Manziel has never shied away from other gestures on the field, notably the finger-rubbing "money" sign he made famous while playing at Texas A&M, where in 2012 he became the first freshman to win college football's Heisman Trophy.

Manziel expects the trash talk to keep heading his way.

"Since my name has grown bigger and people have known who I am, it just continues to go on as the games continue to go on," he said following Cleveland's 24-23 loss to the Redskins. "I don't know if there is a single level of severity each game, but I know it's there and it's present every game. I just need to let it slide off my back and go to the next play.

"I feel like I did a good job of holding my composure throughout the night and you have a lapse of judgment and slip up."

His finger flipping didn't help his chances of winning Cleveland's starting job, which went to veteran Brian Hoyer.

Browns coach Mike Pettine felt Manziel should have known better than to react to Washington's insults. He wants his high-profile rookie – and Cleveland's other players – to make mature decisions on and off the field.
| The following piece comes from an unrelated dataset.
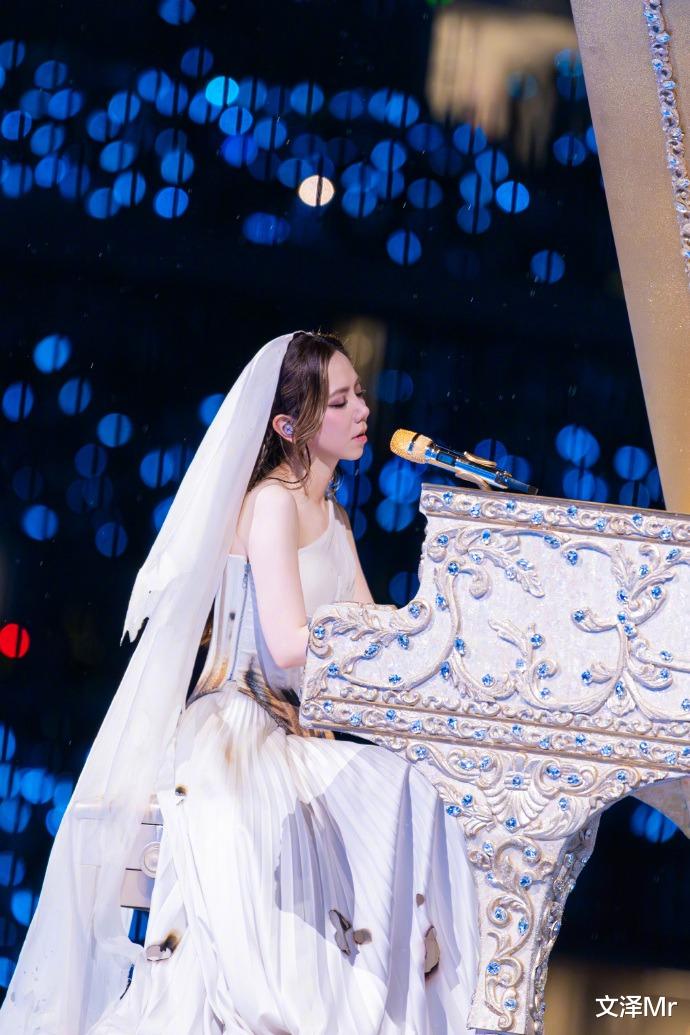 头纱的斑驳破损,暗合她曾在纪录片中落泪坦言:“完美是假象,伤疤才是勋章。”侧身演唱时,破损处被灯光镀上金边,仿佛回应着她《天空没有极限》的歌词——所有裂痕,都是光进来的地方。

Pettine said the 21-year-old's behavior factored into the team's decision in naming a starter.

"We talk about 'Play like a Brown.' We want our guys to act like a Brown," Pettine said. "We want to be a first-class organization. We have hundreds, thousands of kids come to our training camp practices, and look up to our players. That type of behavior is unacceptable. It's something that's part of football that you have to maintain your poise and your composure, especially at that position, and he should know better than anyone that all eyes are on him."